Die Ausgangslage ist noch einigermaßen übersichtlich: Die Österreichische Volkspartei (ÖVP) musste bei den Nationalratswahlen im vergangenen Herbst der Freiheitlichen Partei Österreichs (FPÖ) knapp, aber doch Platz eins überlassen mit gut 26 gegenüber fast 29 Prozent. Aus und vorbei war es deshalb mit der Regierung aus ÖVP und Grünen (acht Prozent), die sich ohnehin gegen Ende ihrer Amtszeit immer mehr voneinander entfernt hatten. Also mussten die Karten neu gemischt werden. Die ÖVP käme mit der SPÖ auf eine knappe Mehrheit von nur einem einzigen Mandat, was Regieren im ständigen Alarmzustand bedeutet hätte. Stießen also entweder die Grünen oder die liberale Neugründung hinzu, hätte eine solche Dreierkoalition eine hinreichende Mehrheit im Nationalrat.

Eine Zusammenarbeit mit dem Wahlsieger FPÖ hatten alle Parteien im Wahlkampf kategorisch ausgeschlossen. Bundespräsident Alexander van der Bellen (Grüne) fragte deshalb nach dem Urnengang in persönlichen Gesprächen mit den Parteivorsitzenden von ÖVP, SPÖ, Neos und Grünen ab, ob es dabei bleiben soll. Sie trafen sich noch einmal mit Kickl. Nach viermaligem Ja erteilte er dem bisherigen Bundeskanzler Karl Nehammer (ÖVP) den Auftrag zur Regierungsbildung. Die verbreitete Entrüstung darüber, dass er nicht den Erstplatzierten, eben FPÖ-Parteichef Kickl, vorzog, wird dem Sachverhalt nicht gerecht.

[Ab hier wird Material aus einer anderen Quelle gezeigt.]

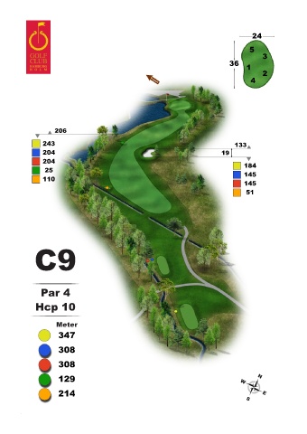 24 5 3 36 1 2 4 CLUBHAUS 206 243 133 204 19 204 184 25 110 145 145 51 C9 Par 4 Hcp 10 Meter 347 308 308 129 W N 214 E S
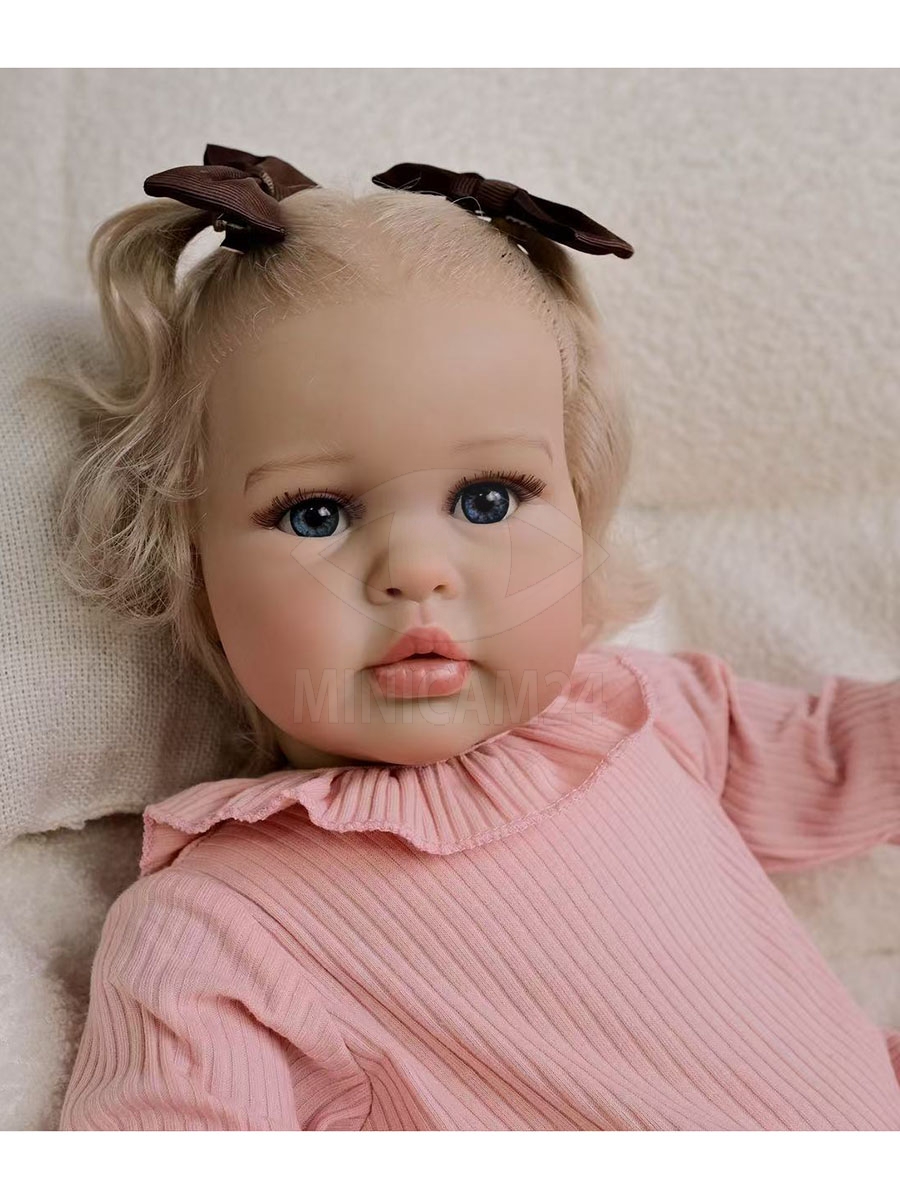 Особое внимание уделено деталям: на теле заметны вены, капилляры, мраморность кожи, покраснения, складочки и аккуратно прорисованные ноготки. Пальчики у куклы гнутся, что позволяет менять положение рук и ног для создания более естественных поз. Такой уровень проработки делает куклу выразительной и живой.

Erstens steht darüber nichts in der Verfassung, und zweitens hat die FPÖ selbst anno 2000 an der Seite der ÖVP den Wahlsieger SPÖ ausgebootet.

Auf dem Weg zur "Festung Österreich"

Die Bemühungen von ÖVP, SPÖ und Neos um eine Dreierkoalition scheiterten, kurz darauf auch ein letzter Anlauf von ÖVP und SPÖ. Jetzt greift aber die FPÖ selbst nach dem Kanzleramt. Die Aussichten auf eine Einigung zwischen Blau und Schwarz gelten als gut. Die Konstellation wäre neu in Mittel- und Westeuropa. Wie neu, wird im Programm ersichtlich, mit dem die vom Alleinherrscher Kickl geführte Partei in den Nationalratswahlkampf gezogen ist unter dem Titel "Festung Österreich – Festung der Freiheit". Eine an- und aufregende Lektüre mit den Leitideen: weniger Staat, weniger Sozialstaat, weniger Fremde, weniger wokes Zeug, weniger Europa, weniger Klimaschutz, weniger Belehrungen durch mediale Besserwisserei speziell durch den öffentlich-rechtlichen ORF.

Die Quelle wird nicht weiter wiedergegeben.